Mode B — raw per-modality data

Pass a dict mapping modality name to either a TSV/MAF path or a DataFrame. HoneyBee runs each per-modality preprocessor, concatenates the outputs to the 80,697-dim vector, and runs inference. Any omitted modality is zero-padded for its slice.

mode_b_raw.py
result = hb.process_molecular(raw={
    "gene_expression":  "gene-expr-RNAhtseq_fpkm.tsv",
    "dna_methylation":  "methylation450.tsv",
    "mirna":            "mirna.tsv",
    "protein":          "rppa.tsv",
    "dna_mutation":     "wxs.maf",
    "clinical":         "phenotype.tsv",
    # Any modality may be omitted; its slice is zero-padded.
})

The seed keyword on process_molecular() (default 42) controls the DNA mutation preprocessor's random row-drop so results are reproducible across runs. The DNA mutation source is a standard TCGA MAF; the Hugo symbol vocabulary is fetched from the Lab-Rasool/honeybee-samples HuggingFace dataset on first use (cached afterwards).

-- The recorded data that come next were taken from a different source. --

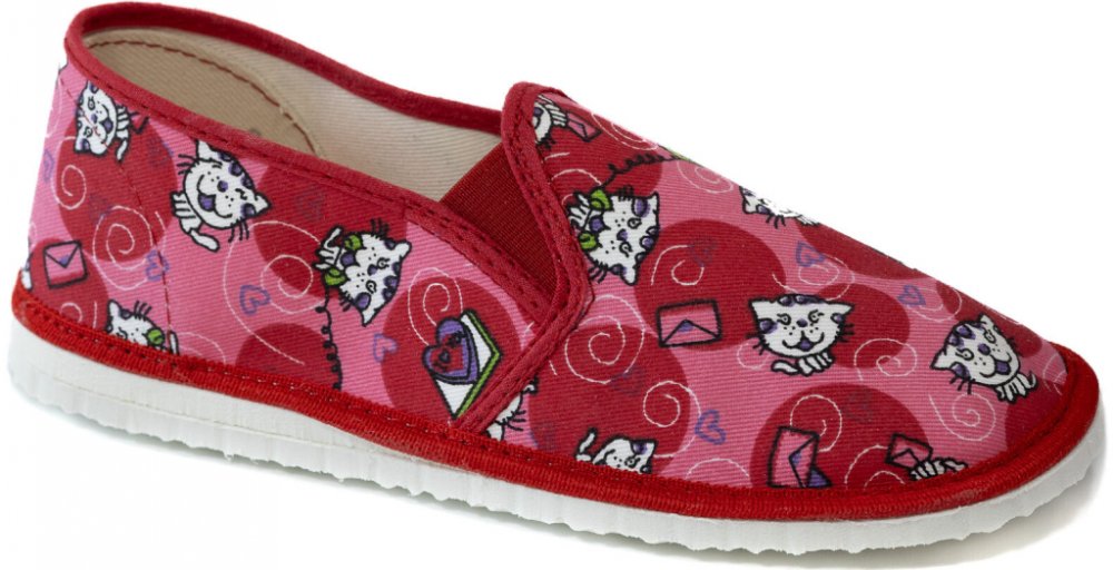 Dětské bačkory 030 Kočičky a puntíky Červená
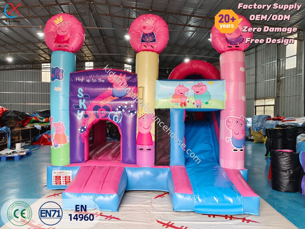 Dit spannende opblaasbare springkasteel met Peppa Pig thema is voorzien van levendige graphics en een leuke glijbaan, wat zorgt voor een meeslepende speelervaring voor kinderen. De robuuste constructie garandeert veilig spring- en glijplezier op feesten en evenementen.
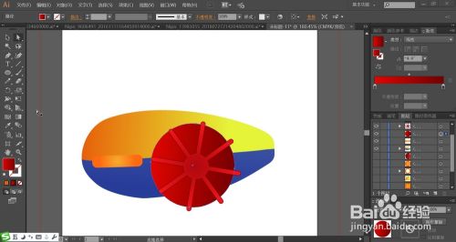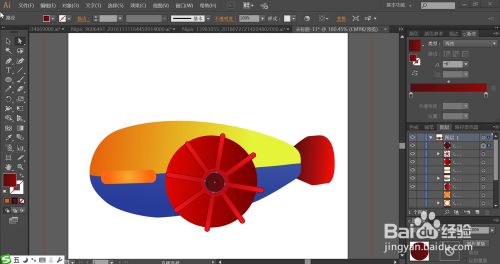 接着,我们用暗红色的渐变填充潜水艇的尾部,再用深红色的渐变填充舱门中心的圆形结构件。
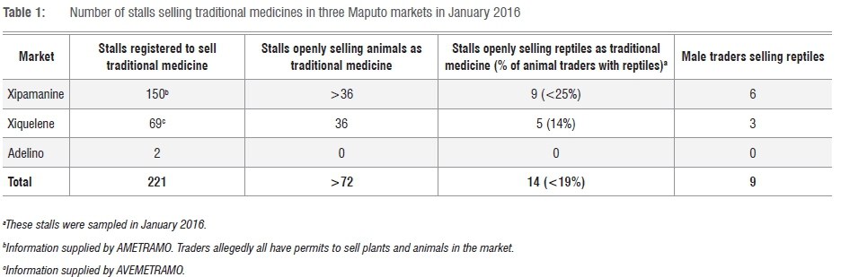 Based on the available market information, we undertook our first market survey in Xipamanine in March 2015 with seven traders. We had intended to conduct a comparative study in South Africa in 2015 (specifically in Faraday Market in Johannesburg and Warwick Market in Durban), but the Chairpersons of these markets denied permission for the study. Hence we limited the trade study to Maputo and followed up with a second survey conducted there in January 2016, this time in two of the three markets and including all 14 traders that sold reptiles as traditional medicine in the study (Table 1).
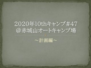 2020年10thキャンプ#47@赤城山オートキャンプ場 ~計画編~
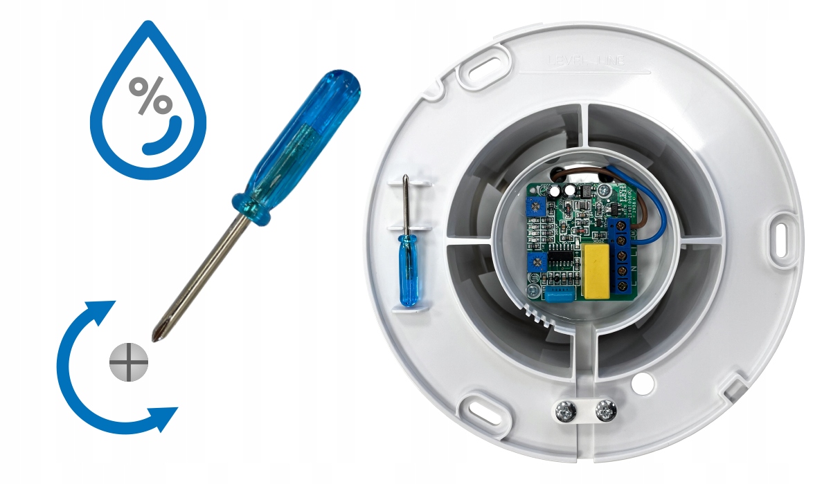 Работа с переключателем (ручной вариант) позволяет вентилятору запуститься, когда заданный уровень относительной влажности не соответствует установленному. превысило. После включения устройства выключателем оно начинает работать. При изменении положения на «выкл.» вентилятор работает в течение заданного значения задержки времени, а затем выключается.
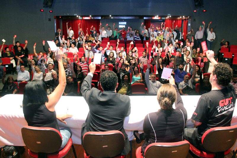 Reunidos em assembleia na sede do Sindicato, nesta quinta-feira (05), os bancários e bancárias sindicalizados, de bancos públicos e privados, trabalhadores do ramo financeiro e cooperativários elegeram 20 delegados que representarão Brasília no 4º Congresso da Confederação Nacional dos Trabalhadores do Ramo Financeiro (Contraf-CUT).
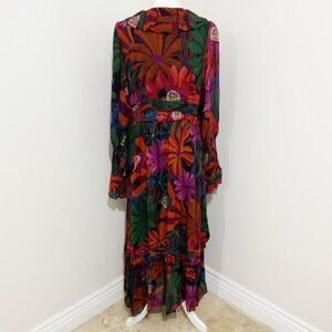 Farm Rio Bird Flowers Maxi Dress Floral Ruffles Long Sleeve Multicolor XL NWT

Mode C — preprocessed vector

Pass the 80,697-dim vector directly. Useful for batch inference where feature vectors are built offline, or for unit testing.

mode_c_features.py
# Single sample
result = hb.process_molecular(features=features_80697)

# Batched (N samples)
result = hb.process_molecular(features=features_N_x_80697)
# result.embedding.shape    -> (N, 48)
# result.hazard_score.shape -> (N,)

Per-Modality Preprocessing

All six preprocessing helpers live under honeybee.processors.molecular.preprocessing and accept either a path to a TSV (or MAF, for DNA mutation) or an already-loaded DataFrame. Each returns a pandas DataFrame in the shape combine_modalities() expects. Function names and target feature counts match the SeNMo paper:

Modality Function Output features
Gene expression (RNA-seq) preprocess_gene_expression 8,794
DNA methylation preprocess_dna_methylation 52,396
miRNA expression preprocess_mirna 1,730
Protein expression (RPPA) preprocess_protein 472
DNA mutation preprocess_dna_mutation 17,301
Clinical covariates preprocess_clinical_covariates 4
preprocessing.py
from honeybee.processors.molecular.preprocessing import (
    preprocess_gene_expression,
    preprocess_dna_methylation,
    preprocess_mirna,
    preprocess_protein,
    preprocess_dna_mutation,
    preprocess_clinical_covariates,
)

gene_df = preprocess_gene_expression("gene-expr-RNAhtseq_fpkm.tsv")
print(gene_df.shape)  # (1, 8795) for a single sample, or (N_samples, 8795) if multiple samples are present; sample col + 8794 features

Combine Modalities

combine_modalities() concatenates per-modality DataFrames (or CSV paths) into the 80,697-dim SeNMo input vector. Use it if you want to inspect or save the combined features before inference, or if your workflow already has per-modality outputs but no upstream pkl.

combine.py
from honeybee.processors.molecular.preprocessing import combine_modalities

vector = combine_modalities({
    "gene_expression":  gene_df,
    "dna_methylation":  methyl_df,
    "mirna":            mirna_df,
    "protein":          protein_df,
    "dna_mutation":     mutation_df,
    "clinical":         clinical_df,
})
print(vector.shape, vector.dtype)  # (80697,) float32

# Then run inference
result = hb.process_molecular(features=vector)

Result Schema

MolecularResult is a dataclass with three fields:

  • embedding — 48-dim ndarray for single-patient input, shape (N, 48) for batches. The encoder output from SeNMo's penultimate layer.
  • hazard_score — Python float for single-patient input, ndarray of shape (N,) for batches. Cox-style continuous risk score; higher means worse prognosis.
  • input_features — the resolved 80,697-dim vector that was fed to SeNMo, useful for caching or downstream analysis.

Call result.to_dict() to get a JSON-serializable representation.

About SeNMo

SeNMo is a 7-layer MLP with ELU activations and AlphaDropout (~83.3 M parameters) trained on over 10,000 patient profiles across 33 TCGA tumor types. The pretrained weights HoneyBee downloads are the 10-fold cross-validation ensemble from the published pan-cancer model. See Waqas et al. 2025 (Int. J. Mol. Sci. 26:7358) for the full architecture, training procedure, and benchmark results.